▶ **Task prompt**
Every line of the data below should be repeated exactly, and no picture should be copied.

▶ **Data records**

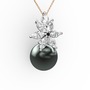 Siyah inci ve swarovski 18 ayar beyaz altın kolye (40 cm rose altın rolo zincir)
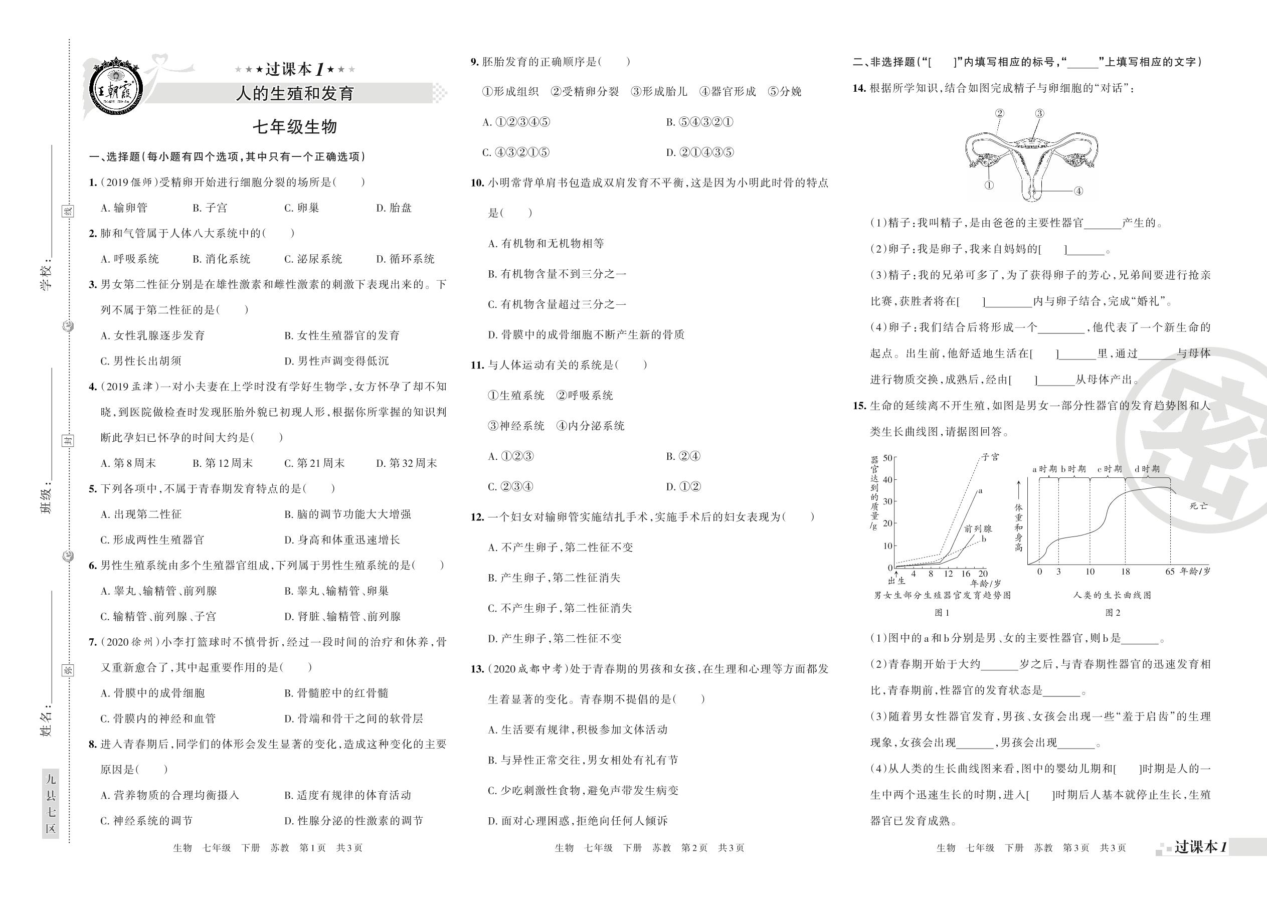 王朝霞期末过课本七年级下册生物(苏教版)_R21081292157【0】
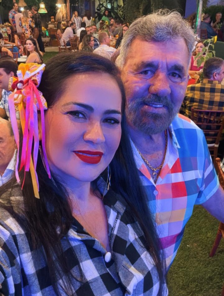 Antonia Lúcia com o husband Ivo Alencar no arraiá aniversário do Bida Carvalho
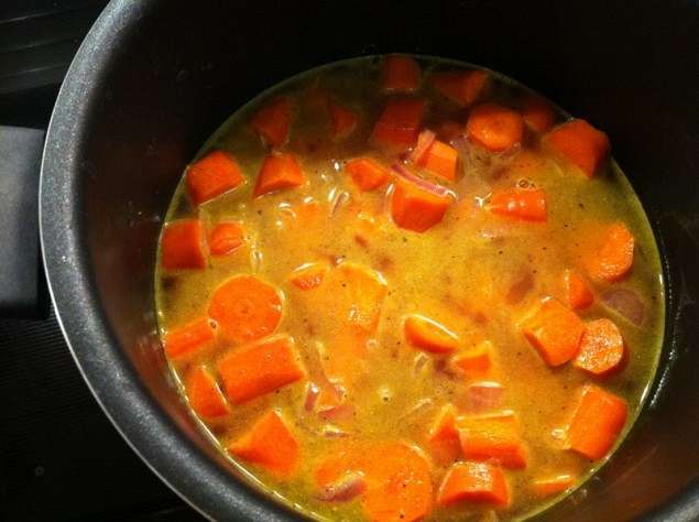 Το αφήνουμε λίγο να εξατμιστεί και προσθέτουμε τα κομμένα καρότα.
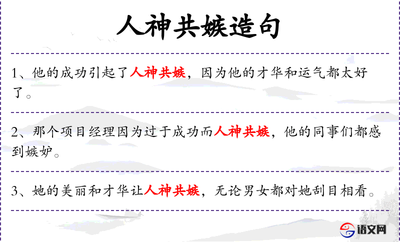 - 人神共嫉:形容某人非常成功,以至于人和神都嫉妒。
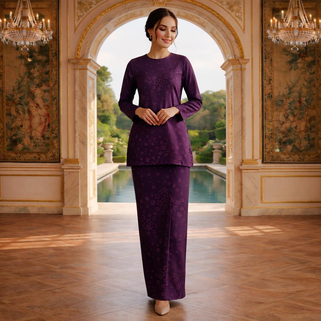 Valansia Mini Kurung Royal Satin Embossed (Dark Purple)
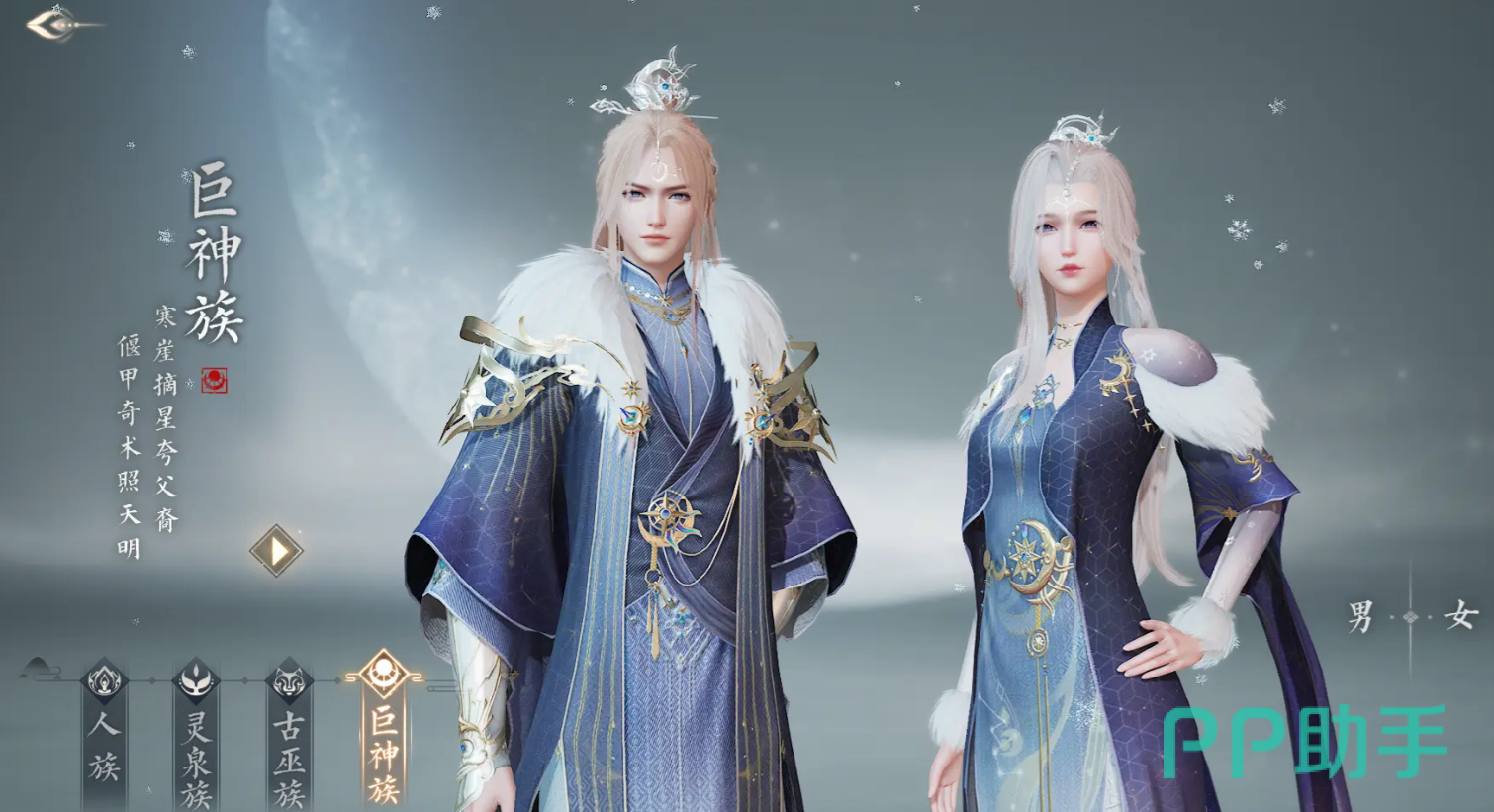 巨神族源自北境雪域,传承自夸父血脉,体格魁梧高大,天生具备战士气质。他们不仅是近战优势种族,更掌握星辰之力,擅长占星术数,并可短暂悬浮于空中,展现超凡脱俗的神族风范。喜欢霸气外观与星空主题的玩家不容错过。
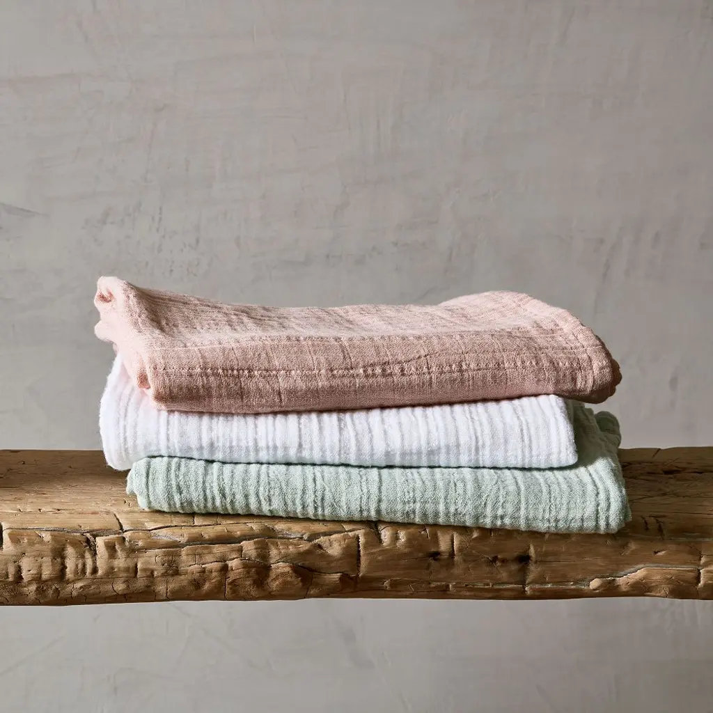 Fresh, happy hues. In a set of three, these OEKO TEX® certfied muslin blankets are must-haves for a cozy layer at home and away. Garment-washed for supreme softness.
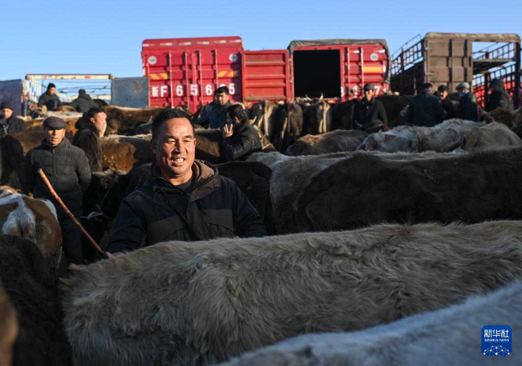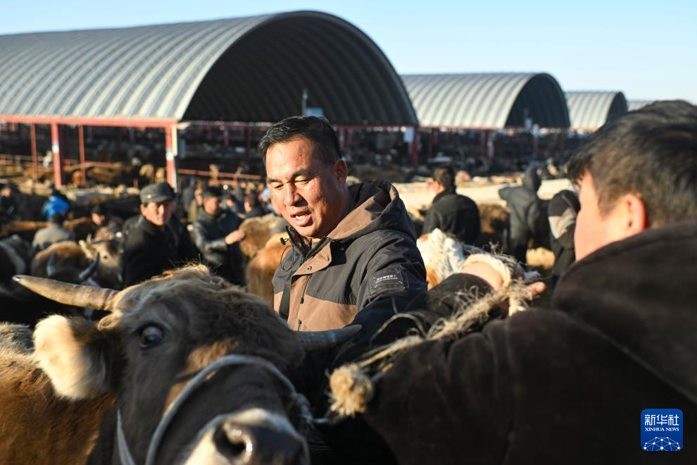 马军在新疆创锦黄公农产品交易市场为客户挑选牛(12月3日摄)。

▶ **Answer to the exercise**
 Siyah inci ve swarovski 18 ayar beyaz altın kolye (40 cm rose altın rolo zincir)
 王朝霞期末过课本七年级下册生物(苏教版)_R21081292157【0】
 Antonia Lúcia com o husband Ivo Alencar no arraiá aniversário do Bida Carvalho
 Το αφήνουμε λίγο να εξατμιστεί και προσθέτουμε τα κομμένα καρότα.
 - 人神共嫉:形容某人非常成功,以至于人和神都嫉妒。
 Valansia Mini Kurung Royal Satin Embossed (Dark Purple)
 巨神族源自北境雪域,传承自夸父血脉,体格魁梧高大,天生具备战士气质。他们不仅是近战优势种族,更掌握星辰之力,擅长占星术数,并可短暂悬浮于空中,展现超凡脱俗的神族风范。喜欢霸气外观与星空主题的玩家不容错过。
 Fresh, happy hues. In a set of three, these OEKO TEX® certfied muslin blankets are must-haves for a cozy layer at home and away. Garment-washed for supreme softness.
 马军在新疆创锦黄公农产品交易市场为客户挑选牛(12月3日摄)。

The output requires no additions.